To take a comparable example, the European seems to me to be taken much more seriously. It is taught in French junior high and high school for instance
@Starckman Interesting. It seems almost the opposite to me - that they're overly legitimised. That's what I meant by the disconnect. Beat literature consisted of a handful of writers who produced perhaps three great works, and they had no coherent motives or goals until Ginsberg wrote some down in the 80s well after the movement was spent intellectually. Constrast it with modernism which had self-concious goals from the outset and encompassed dozens of writers.
I don't mean to diminish the values of the individual works of beat writers by saying this - only that in sense of an artistic movement it seems to have gained an intellectual regard beyond that which you might expect from the size and quality of its body of work. As I said before I think it's because that small corpus had a very large impact on American culture in the 50s and 60s.
Beat writers are certainly treated as a legitimate artistic movement in America but perhaps less so in Europe (I'm British FWIW)
13:28
I agree with you. From what I recall of my reading of these writers, the impression I have is that the artistic nature/contribution is limited. It’s as if they worked more on the personal image they tried to diffuse, like an ego-trip (in France we have this term to comment on some rap songs or artists)

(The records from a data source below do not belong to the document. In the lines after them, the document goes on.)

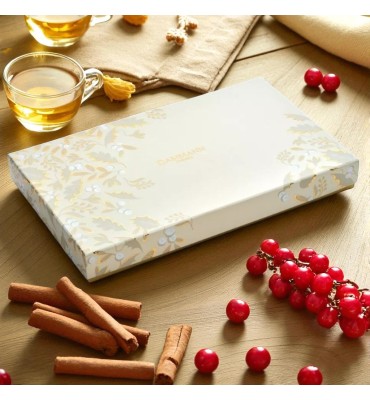 Plongez dans la féérie des fêtes avec le Coffret Rêves de Noël signé Dammann Frères. Cet assortiment rassemble 12 créations exclusives de thés et infusions, inspirées des traditions de Noël à travers le monde, présentées dans un élégant coffret décoré de feuillages d’hiver. Chaque sachet est individuellement emballé pour préserver la fraîcheur des parfums.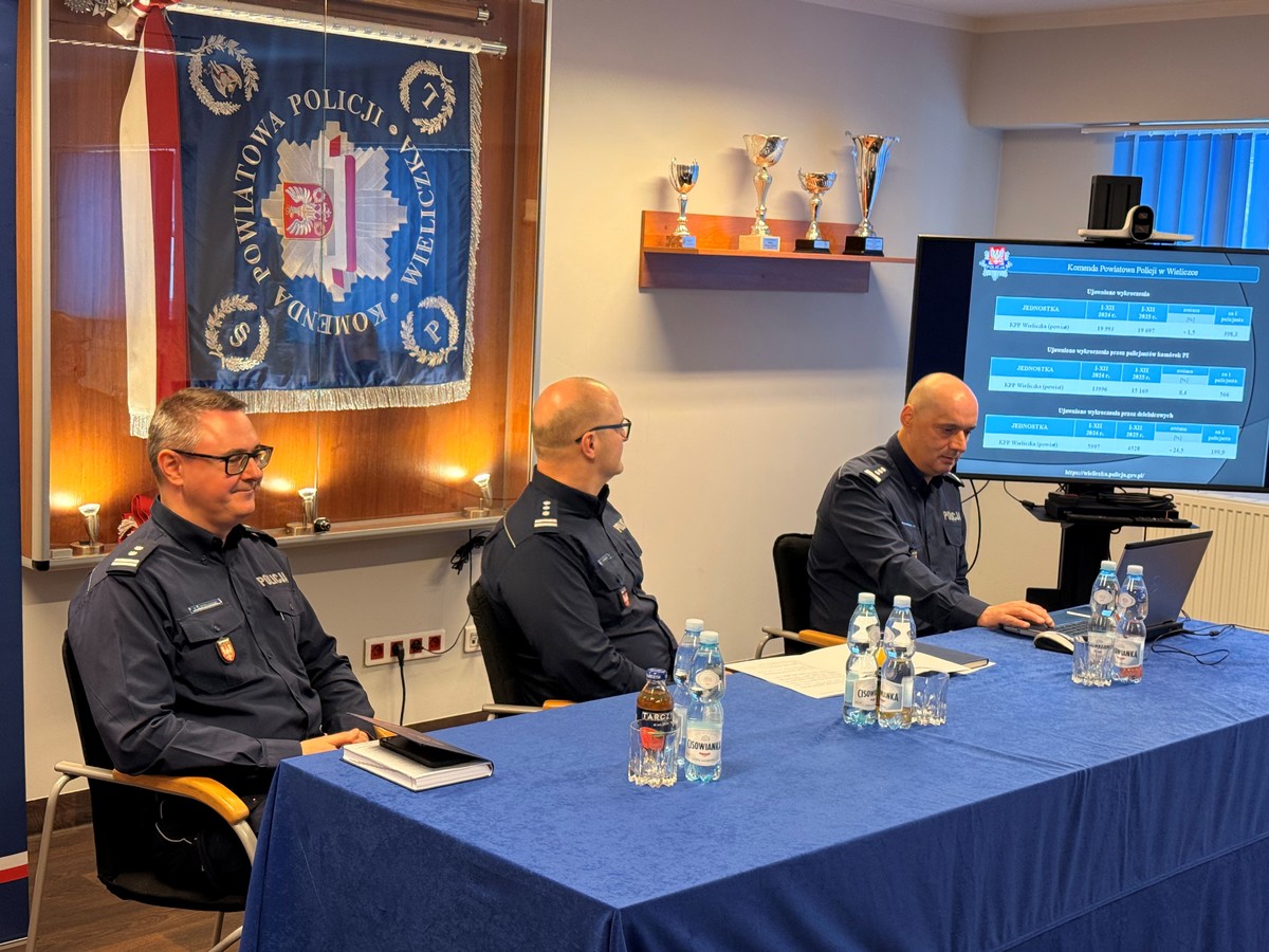 W siedzibie Komendy Powiatowej Policji w Wieliczce odbyła się narada roczna podsumowująca stan realizacji zadań w 2025 roku. W spotkaniu uczestniczył Zastępca Komendanta Wojewódzkiego Policji w Krakowie insp. Paweł Krauz, Zastępca Komendanta Powiatowego Policji w Wieliczce mł. insp. Paweł Ślęczkowski, przedstawiciele władz samorządowych powiatu i gmin, Prokuratury Rejonowej w Wieliczce, Zastępca Komendanta PSP w Wieliczce oraz funkcjonariusze i pracownicy cywilni wielickiej jednostki.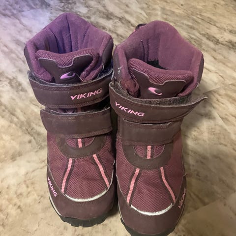 Viking barnskor i storlek 38, unisex. Skorna är blå med isolerande innersko för att hålla fötterna varma. Passar för användning i kallt väder och är lämpliga för barn.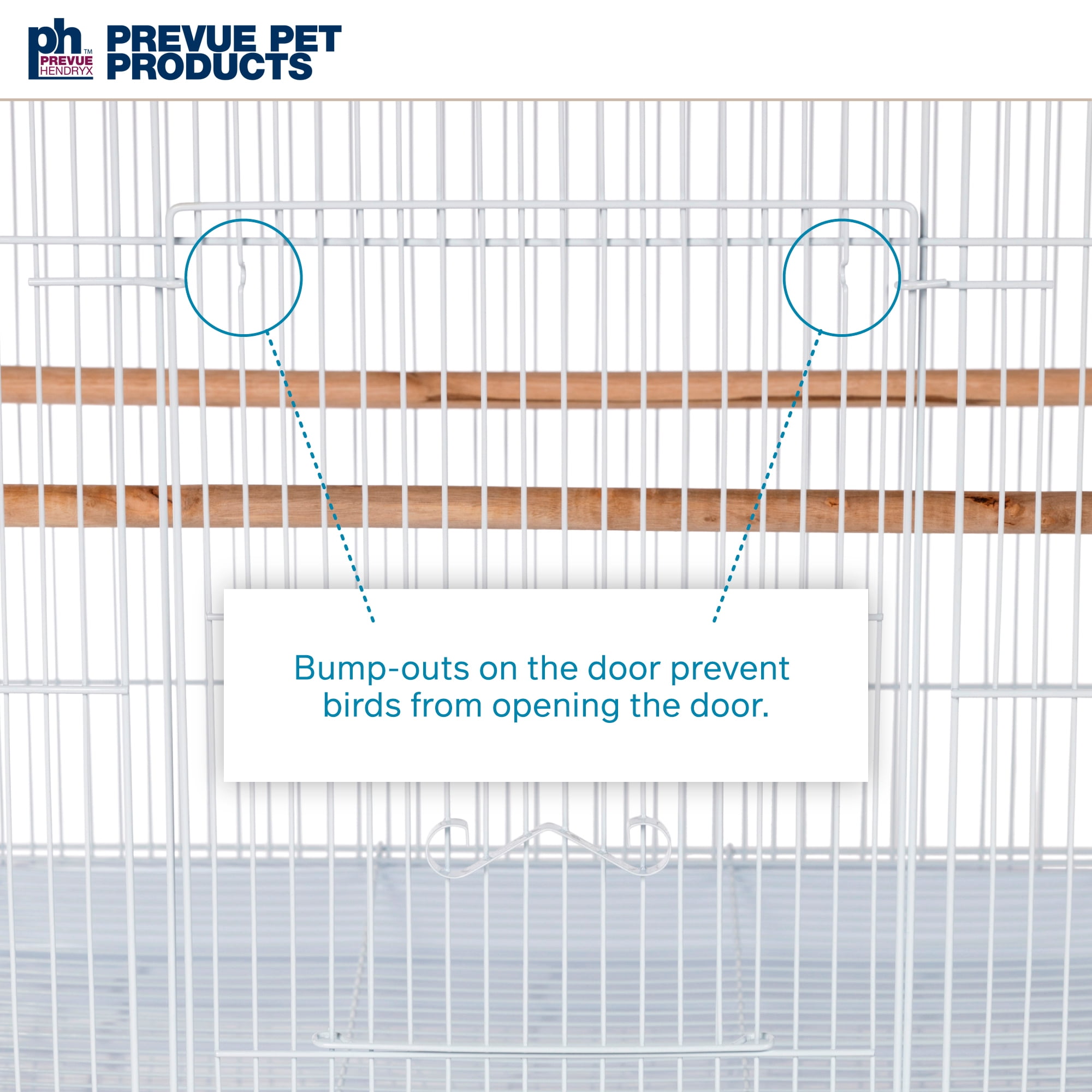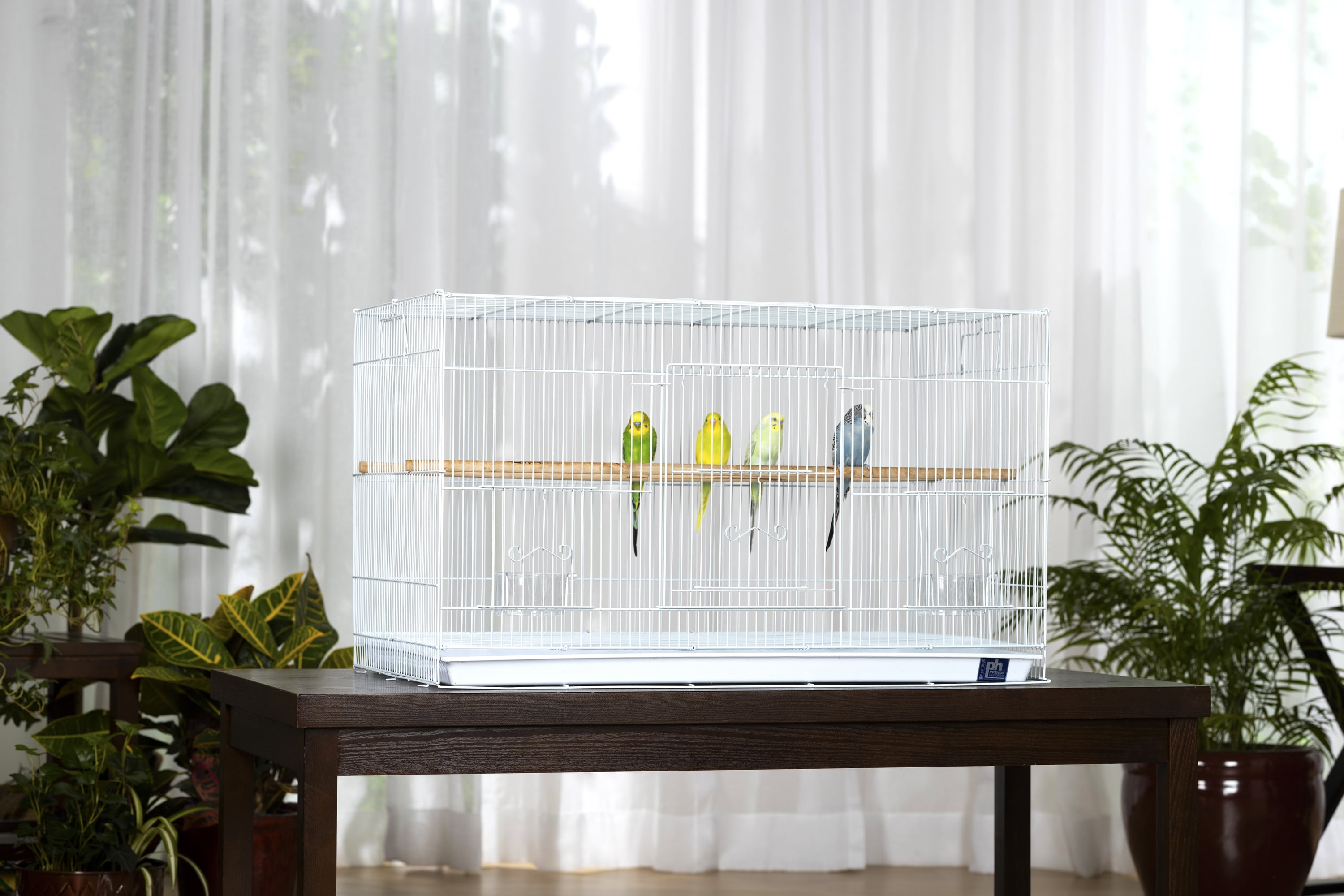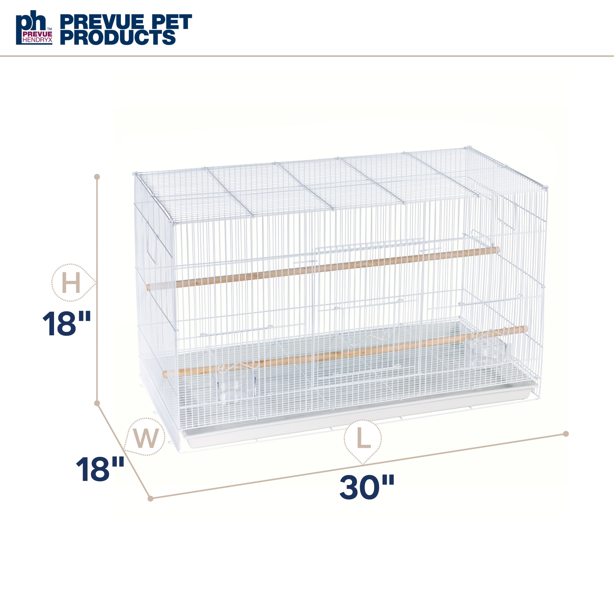 38″ Spacing metal wire with durable white plastic base Large, front opening door and removable plastic tray Includes 2 plastic cups and 2 wood perches Compact footprint stacked with additional flight cages Dimensions: 30L x 18W x 18H in.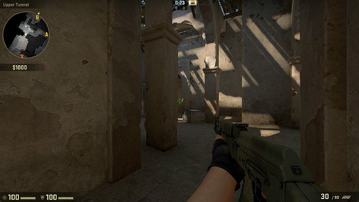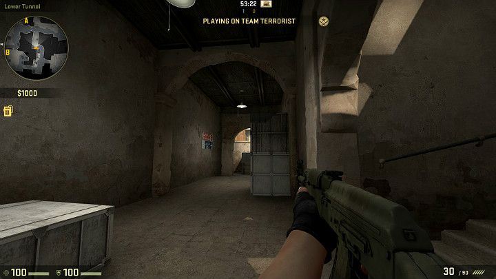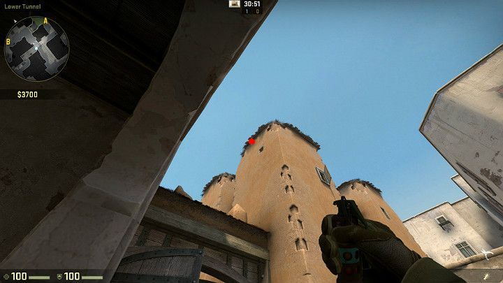 If you hide in the previously described hole in the wall, you will have a clear view of the tunnel and any Terrorists. On the other hand, if you are on the Terrorist side, this location can be great for defending bombsite B (that is, if one of your companions is watching the other passage behind your back).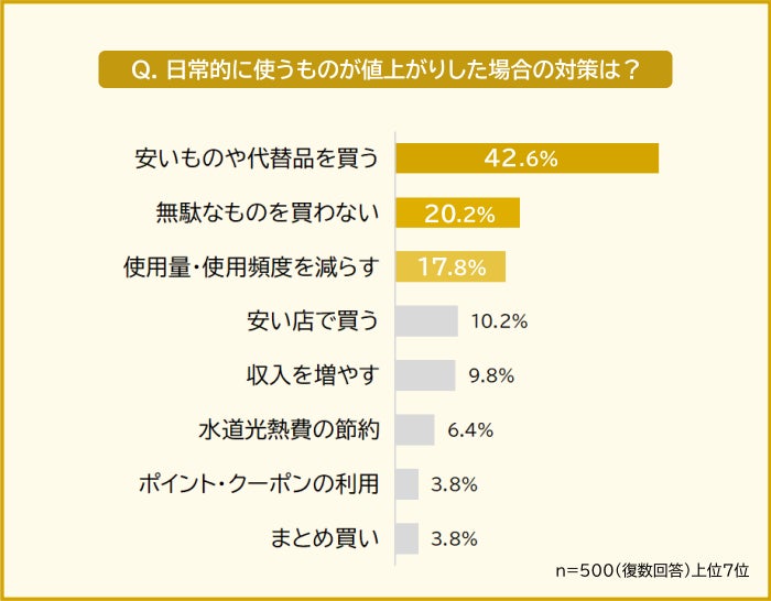 「日常的に使うものが値上がりしたときの対策」を聞いたところ、ダントツは「安いものや代替品を買う(42.6%)でした。2位「無駄なものを買わない(20.2%)」、3位「使用量・使用頻度を減らす(17.8%)」が続きます。

@MattThrower I also fully agree their success is due to the latter political movement, and not by the quality of their work
I recall Kerouac’s book encountered success not until the beginning of the hippie movement
That is, ten years after their publication
 
2 hours later…
15:57
@MattThrower Would you say the same about Charles Bukowski?
16:31
@Starckman well I would, yes, but then again I personally think Bukowski was a talentless hack :)
 
6 hours later…
22:31
@Starckman The answers you are looking for may be in The Beats: A Very Short Introduction and The Cambridge Companion to the Beats.